Gateway to Asia is a 10-minute 1945 Canadian documentary film, directed and produced by Tom Daly for the National Film Board of Canada (NFB) as part of the wartime Canada Carries On series. The film documents the importance of British Columbia during the Second World War as a "gateway" to Asia and the Pacific. The French version of Gateway to Asia is Au seuil du Pacifique.

==Synopsis==
Before the war, British Columbia was treated as a unique "back door" to the Pacific and considered by many as one of Canada's playgrounds. Visitors were often enchanted by the scenery but were not aware of the rich bounty of the region including forests, mountains and the sea. The lumber and pulp and paper industries represent the greatest livelihood for thousands of B.C. citizens.

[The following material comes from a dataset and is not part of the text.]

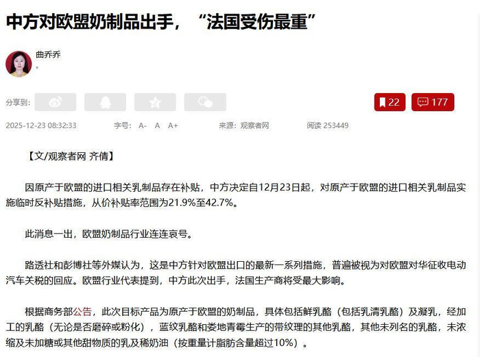 近日,根据相关的媒体报道,就在12月23日,中国商务部发布了一则公告,公告的内容则是,对原产于欧盟的进口相关乳制品实施临时反补贴措施,范围从21.9%到42.7%之间。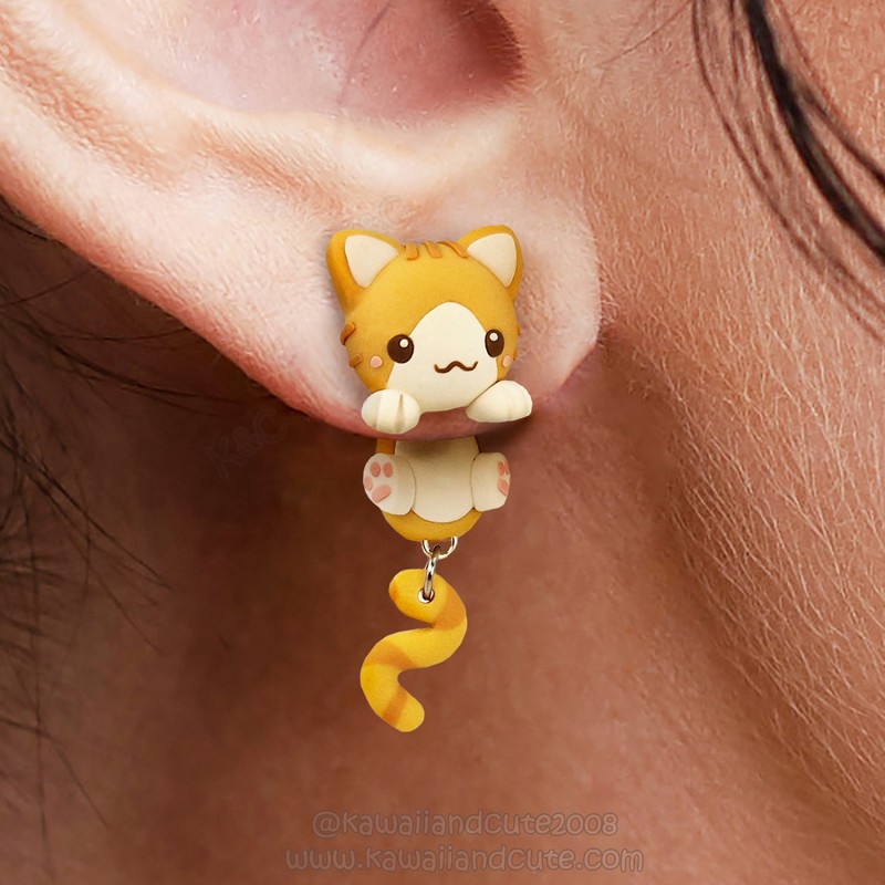 Pendientes de gatos naranja que simulan estar colgados de tu oreja, inspirados en un lindo diseño de un pequeño gatito. Regalo perfecto para los amantes de los gatos.

The fast-growing mining industry with its roots back to Gold Rush days and the extensive commercial fisheries which provide more than 1/2 the fish production in Canada, are also important.

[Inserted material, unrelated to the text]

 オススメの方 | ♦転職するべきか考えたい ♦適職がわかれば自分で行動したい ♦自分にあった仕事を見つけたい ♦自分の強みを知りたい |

In wartime, the population of British Columbia has utilized its vast natural resources and industrial strength to become a critical factor in Canada's war effort. From its shipyards comes nearly 3/4s of all the Canadian ships constructed in the Second World War. Its residents have made a substantial contribution to the home front workforce. Although there is a diverse population in Canada's most westerly province, 70% of its people have British origins. Other ethnic group make up the province's population include Japanese- and Chinese-Canadians as well as a significant number of Sikhs.

With the outbreak of a Pacific War, however, major ramifications were caused in B.C.'s population, especially among the large numbers of Japanese-Canadians. Overnight, the 22,000 citizens of Japanese background were removed from the Pacific coast and their property seized.

British Columbia provides a vital link between the rest of Canada and its neighbours in the Far East, Asia and Russia. The use of the Northwest Staging Route with airstrips, airports and radio ranging stations built in Alberta, the Yukon and British Columbia was a "skyway" to Asia. The aircraft that flew this route not only supplied the ongoing construction of the Alaska Highway but also served to ferry American lend-lease aircraft for the Soviet Union Air Forces from the United States to Alaska, and then across the Bering Strait to Siberia.

At the threshold of a new age, with the advent of high-speed air travel, Canada's Pacific gateway to Asia, will also become a new international trade route to connect to over 1/2 of the people of the world.

==Cast==
- General A.G.L. McNaughton as Himself (archival footage)

==Historical context==

The widespread expulsion of Japanese-Canadians from Pacific coast "restricted" areas, as depicted in Gateway to Asia is reflective of official government policy during the Second World War. While mention is made that property was abandoned, the large fishing fleets, farms and businesses owned by Japanese-Canadians, through the War Measures Act (1942), were actually sold with their previous owners forced to give up their rights for recourse. The detention camps may not have been prisons, but the film uses them as a backdrop, along with ominous music representing Japan, to justify the expulsion with the disclaimer that a final determination of permanent resettlement has not yet been made. By 1945, the Parliament of Canada had enacted legislation to codify the impounding of property and removal of both Nisei and foreign-born Canadians of Japanese origin.

==Production==
Typical of the NFB's Second World War documentary short films in the Canada Carries On series, Gateway to Asia was created as a morale boosting propaganda film. The film used a compilation documentary format that relied heavily on newsreel footage edited to provide a cogent message.

The deep baritone voice of stage actor Lorne Greene was featured in the narration of Gateway to Asia. Greene was known for his work on radio broadcasts as a news announcer at CBC, as well as narrating many of the Canada Carries On series. His sonorous recitation led to his nickname, "The Voice of Canada", and to some observers, the "Voice-of-God". When reading grim battle statistics or narrating a particularly serious topic, he was known as "The Voice of Doom".

==Reception==
Gateway to Asia was produced in 35 mm for the theatrical market. Each film was shown over a six-month period as part of the shorts or newsreel segments in approximately 800 theatres across Canada. The NFB had an arrangement with Famous Players theatres to ensure that Canadians from coast-to-coast could see them, with further distribution by Columbia Pictures.

After the six-month theatrical tour ended, individual films were made available on 16 mm to schools, libraries, churches and factories, extending the life of these films for another year or two. They were also made available to film libraries operated by university and provincial authorities.